▶ **Collected data**:
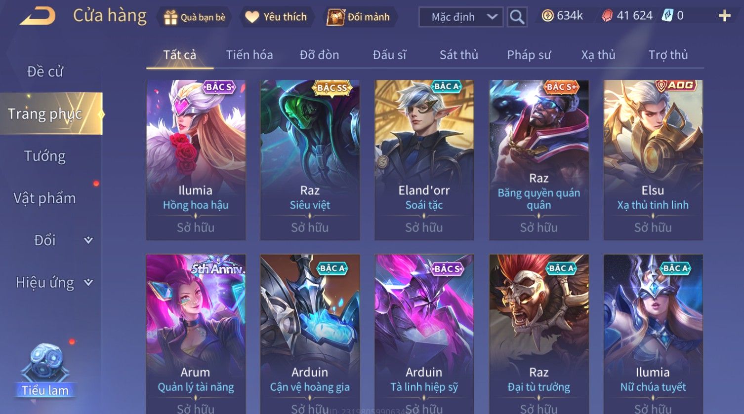 Nổi bật: Skin: Nakroth Thứ Nguyên Vệ Thần×Tel'Annas Tân Niên Vệ Thần×Butterfly Phượng Cửu Thiên×Cùng Dàn SS VIP
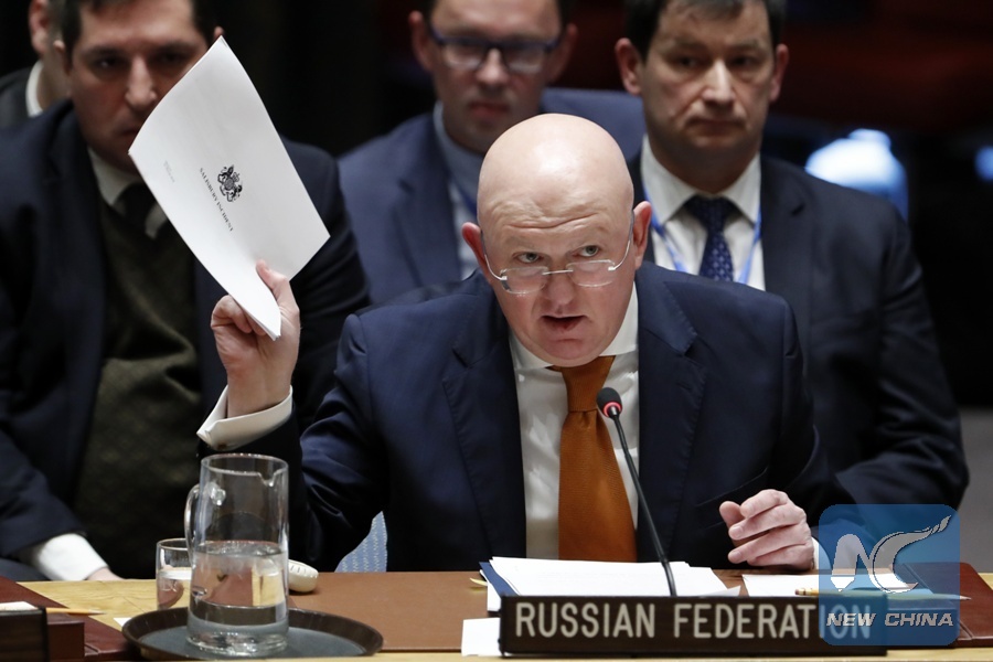 Russian Ambassador to the United Nations Vassily Nebenzia speaks at a Security Council meeting on the poisoning of former Russian double agent Sergei Skripal and his daughter Yulia Skripal, at the UN headquarters in New York, April 5, 2018. (Xinhua/Li Muzi)
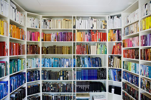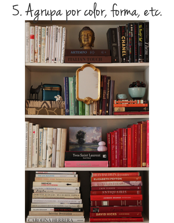 · Por color: es una de las ideas más bonitas y originales a la hora de no sólo ordenar sino también decorar con la organización que dispongamos para nuestros libros.
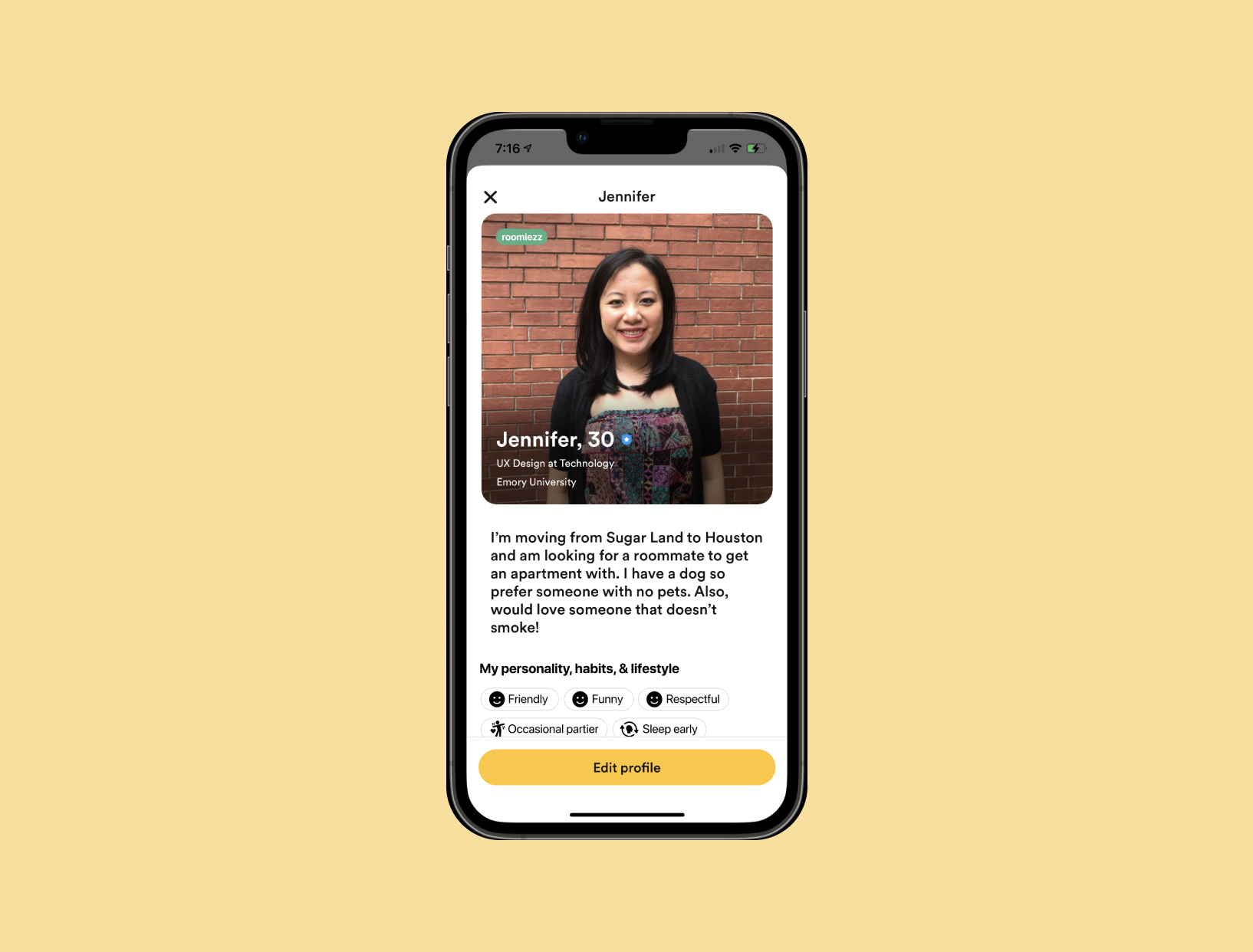 Browse First Potential Roommate Profile (Scrollable)

▶ **What needs to be done**: Transcribe all data precisely. Pictures are not copied.

▶ **Problem solution**:
 Nổi bật: Skin: Nakroth Thứ Nguyên Vệ Thần×Tel'Annas Tân Niên Vệ Thần×Butterfly Phượng Cửu Thiên×Cùng Dàn SS VIP
 Russian Ambassador to the United Nations Vassily Nebenzia speaks at a Security Council meeting on the poisoning of former Russian double agent Sergei Skripal and his daughter Yulia Skripal, at the UN headquarters in New York, April 5, 2018. (Xinhua/Li Muzi)
 · Por color: es una de las ideas más bonitas y originales a la hora de no sólo ordenar sino también decorar con la organización que dispongamos para nuestros libros.
 Browse First Potential Roommate Profile (Scrollable)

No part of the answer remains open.